The template allows to deploy a rich set of AKS features such as:

For a sample on how to use the Application Gateway Ingress Controller in a multi-tenant AKS cluster, see this project.

Deploy to Azure

You can use the following button to deploy the demo to your Azure subscription:

Deploy to Azure

Architecture

This diagram shows the overall architecture:

Architecture

The ARM template deploys:

  • A new virtual network with five subnets:
    • AksSubnet: this subnet is used for the AKS cluster worker nodes. The VMSS of both the system and user node pools will be created in this subnet.
    • PodSubnet: this subnet is used to allot private IP addresses to pods of both the system and user node pools.
    • VmSubnet: hosts the jumpbox virtual machine and private endpoints
    • AppGatewaySubnet: hosts Application Gateway WAF2
    • AzureBastionSubnet: Azure Bastion
  • The AKS cluster uses a user-defined managed identity to create additional resources like load balancers and managed disks in Azure.
  • The AKS cluster is composed of a:
    • System node pool hosting only critical system pods and services. The worker nodes have node taint which prevents application pods from beings scheduled on this node pool.
    • User node pool hosting user workloads and artifacts.
  • A NAT Gateway used to handle outbound connections from the AksSubnet, PodSubnet, and VmSubnet.
  • An Azure Bastion resource that provides secure and seamless SSH connectivity to the jumpbox virtual machine directly in the Azure portal over SSL
  • An Azure Container Registry (ACR) to build, store, and manage container images and artifacts in a private registry for all types of container deployments.
  • a Storage Account for the boot diagnostic logs of the jumpbox virtual machine
  • An Application Gateway used by the Application Gateway Ingress Controller
  • A Web Access Firewall (WAF) Policy associated to the Application Gateway as the root level and HTTP listener level. The Policy is configured in Prevention mode and uses the OWASP 3.1 rule set and a couple of custom rules that demostrate how to block requests when the query string or a header contain a specific string.
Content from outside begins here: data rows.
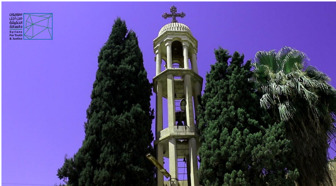
The bell of Mar Assia al-Hakim Church in al-Darbasiyah.

"Classrooms today are of about 60 students each, mostly Kurdish, after they were of only 30 to 35 before the outbreak of the Syrian crisis, as the pope ordered to receive more. People routinely walk-in the church up until now to register their children, but the church is pending on following the closure decision until the archbishop, who is on a visit to the USA, comes back." The witness added.
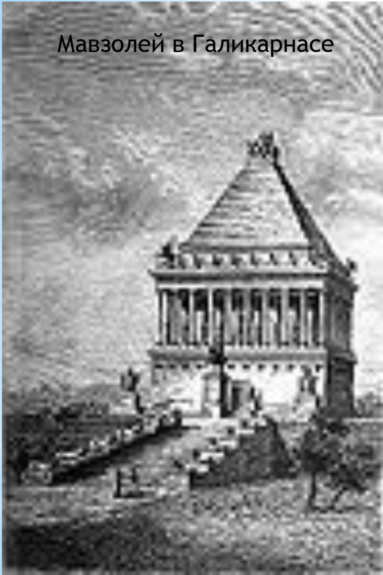
Мавзолей в Галикарнасе
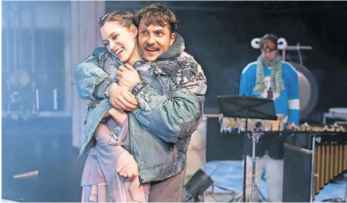
Im Ballhof Zwei: „Das Kind der Seehundfrau“.
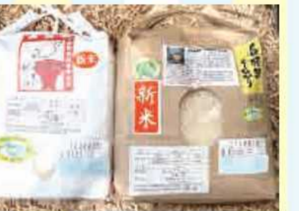
⑳ 鴨川産お米セット(2種)<2名様> 提供: 里のMUJIみんなみの里
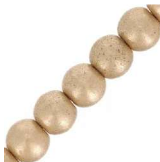
41 perline rotonde da 3 mm (P3)
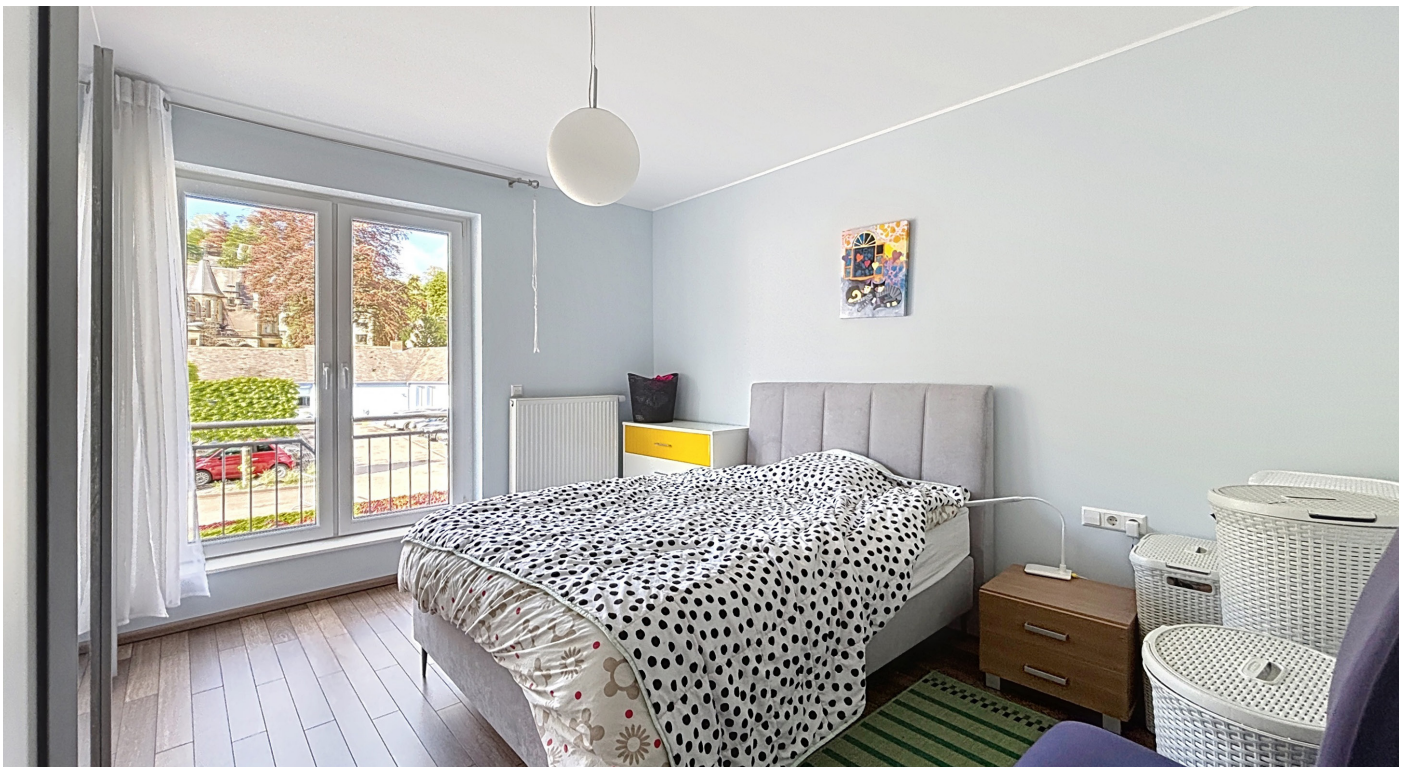
Innenfotos – Schlafzimmer 1
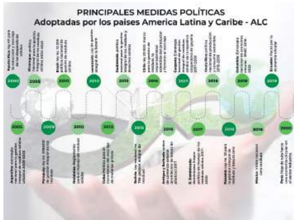
Figura 1. Principales medidas políticas adaptadas por los países de América Latina y Caribe (ALC)

Nota: adaptado del documento de investigación La economía circular en América Latina y el Caribe .

You can create more sophisticated custom rules to whitelist or blacklist the incoming traffic to the Application Gateway Ingres Controller.
  • A Key Vault that can be used by workloads running on AKS to retrieve keys, certificates, and secrets
  • A private endpoint to the Blob Storage Account
  • A private endpoint to to Azure Container Registry (ACR)
  • A private endpoint to Key Vault
  • When you opt for a private AKS cluster, a private endpoint to the control plane / API server hosted by an AKS-managed Azure subscription. In this case, the cluster can communicate with the API server exposed via a Private Link Service using a private endpoint.
  • When you choose Premium as SKU for ACR, a Private Endpoint is created to allow the private AKS cluster to access ACR via a private IP address. For more information, see Connect privately to an Azure container registry using Azure Private Link.
  • A Private DNS Zone for the name resolution of the private endpoint to the Blob Storage Account
  • A Private DNS Zone for the name resolution of the private endpoint to Azure Container Registry (ACR)
  • A Private DNS Zone for the name resolution of the private endpoint to Key Vault
  • When you deploy the cluster as private, a Private DNS Zone for the name resolution of the private endpoint to the Kubernetes Server API
  • A Virtual Network Link between the virtual network hosting the AKS cluster and the above Private DNS Zones
  • A jumpbox virtual machine to manage the AKS cluster in case you decide to deploy a private AKS cluster.
  • A Log Analytics workspace to collect the diagnostics logs and metrics from:
    • AKS cluster
    • Jumpbox virtual machine
    • Application Gateway
    • Key Vault
    • Network Security Group

Application Gateway Ingress Controller: Deployment Options

In this architecture, the Application Gateway Ingress Controller was installed using the AGIC add-on for AKS. You can also install the Application Gateway Ingress Controller via a Helm chart. The primary benefit of deploying AGIC as an AKS add-on is that it's much simpler than deploying through Helm. For a new setup, you can deploy a new Application Gateway and a new AKS cluster with AGIC enabled as an add-on in one line in Azure CLI. The add-on is also a fully managed service, which provides added benefits such as automatic updates and increased support. Both ways of deploying AGIC (Helm and AKS add-on) are fully supported by Microsoft. Additionally, the add-on allows for better integration with AKS as a first class add-on.

The AGIC add-on is still deployed as a pod in the customer's AKS cluster, however, there are a few differences between the Helm deployment version and the add-on version of AGIC. Below is a list of differences between the two versions:

  • Helm deployment values cannot be modified on the AKS add-on:

    • verbosityLevel will be set to 5 by default
    • usePrivateIp will be set to be false by default; this can be overwritten by the use-private-ip annotation
    • shared is not supported on add-on
    • reconcilePeriodSeconds is not supported on add-on
    • armAuth.type is not supported on add-on
  • AGIC deployed via Helm supports ProhibitedTargets, which means AGIC can configure the Application Gateway specifically for AKS clusters without affecting other existing backends. AGIC add-on doesn't currently support this.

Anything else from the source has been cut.